Just because a band has multiple personalities doesn't mean it's ready for a straitjacket. Though ungodly heavy practically all of the time, unleashing mesmerizing torrents of distorted guitar noise upon tender, unprotected ears, the Burning Brides do have a soft acoustic side.
It doesn't come out much on Hang Love (self-released), the band's frightening, ferocious new record, but it's there, like on the triumphant album closer, "And I'm Free," a stinging "Emancipation Proclamation" with Beach Boys-style harmonies and lovely piano moments growing like flowers through the broken, concrete power-chords. Nobody contrasts beauty and darkness better than the Brides.
"We've always come from the school of thought that a great rock band is one that can change shapes and change moods at the drop of a hat," says Coats. "Led Zeppelin, the Stones, the Who, even early Aerosmith ... all those great records [they made] are full of really heavy tunes and really sweet acoustic ballads, and we like to show off our range as artists. I think that's what makes for a dynamic story line. I'm still into the art of making an album and how the songs are threaded together and what sort of picture they paint at the end of the day."
In a sense, Hang Love, which features a cover with Dimitri's head in a noose, is a rebirth for the Burning Brides. After going through major-label hell and back, all the while dealing with drug problems and relationship issues that could have destroyed them (Dimitri and bassist Melanie Coats — formerly Campbell — are now happily married), the Brides almost didn't survive.
Hiring a new drummer, ex-Guzzard stickman Pete Beeman, was a move that helped glue the pieces back together.

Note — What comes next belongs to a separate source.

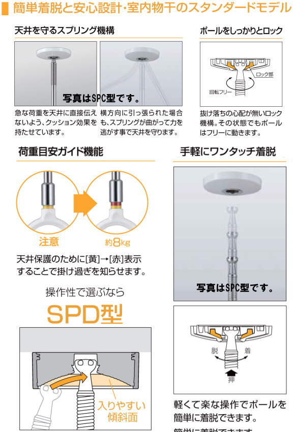 ●天井を守るスプリング機能、ワンタッチ着脱機能

"We were down and out in L.A., Melanie and myself, and my friend, Aaron North, who plays guitar in Nine Inch Nails, knew we were looking for a drummer — he's a big Burning Brides fan, and he used to be in the Icarus Line, and we toured a bunch back in the day — and he hadn't even auditioned for Nine Inch Nails yet," relates Dimitri. "We were talking about the possibility of maybe putting him in our band as like a crazy sound-texture guy, and he went to see his ex-girlfriend's band play at some small bar here in town and just saw Pete setting up his drums and sort of like taking a couple of whacks at the floor tom, and he could tell just by the way that Pete was setting up his drums that he should stick around and check this guy out. Pete was playing in another band ... and Aaron was just blown away by what he saw. And he went up to Pete and said, 'Listen, my friends in the Burning Brides need a drummer, and you are exactly what they're looking for.' And Pete said, "Really, because this band is breaking up.'"

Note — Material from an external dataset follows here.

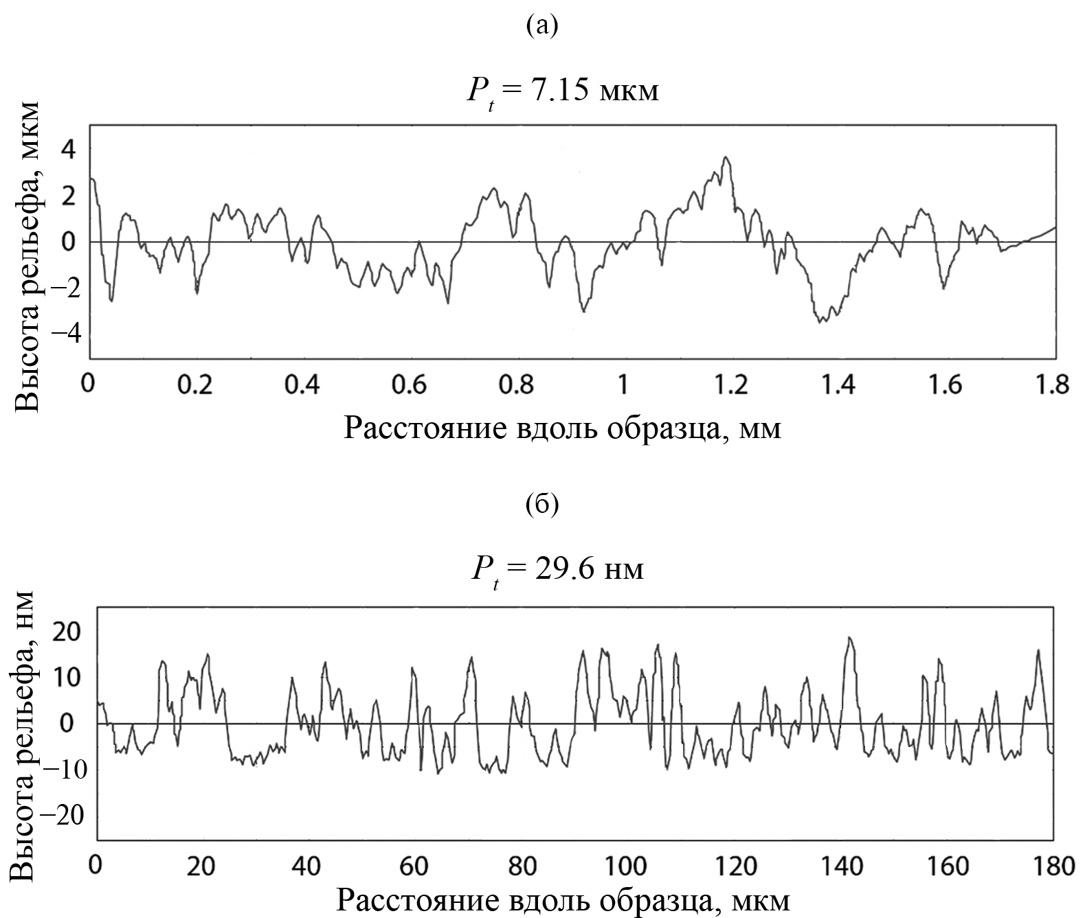 Рис. 6. Шероховатость поверхности сапфировых волокон, выращенных в обычном режиме (а) и с использованием системы стабилизации диаметра (б). Pt – сумма высоты наибольшего выступа и глубины наибольшей впадины рельефа поверхности.

Dimitri eventually called Beeman and set up an audition. "We flew him out, and he just destroyed the competition, and it was love at first listen," says Coats. "And also, later that night, we went out, and it was clear this kid just had a ton of heart and that he was the real deal. And you know, he f**king drives a motorcycle, does wheelies ... he literally would give you the shirt off his back. He's just uncomplicated, and you could set your watch to the guy. He's exactly what a rock drummer should be. He's a f**king oak tree."
That's about how strong his new guitars are. Made by Mark Fuqua, known around L.A. as guitar repairman to the stars, the guitars are one-of-a-kind, custom-built jobs (Coats says Queens Of The Stone Age plays Fuqua's guitars) that Dimitri treasures.
"I gave Mark an unmastered version of Hang Love, and he just absolutely fell in love with it, started coming to the shows and he's like, 'Listen, I've never built a guitar for anybody before, but I want to take your guitar, I want to find out what you like about it so much, and I want to build a $2,000 version of it — something that will stay in tune, something that you can just beat the f**k out of, and it will do what your guitar does and more, and it might even bring your guitar playing to a new level, and it sure has," explains Coats.
It even comes with a special coating. ""It's a super-charged version of what I was getting into," says Dimitri. "I even had him put a drop of blood into the paint of the black one, just to give it a little mojo. It changed the color. It's this weird black that you can't really describe. He called it 'vampire black' and he'll never do it again. I feel like when I go out on tour, I'm going out to battle, you see? And I have my two Excaliburs now."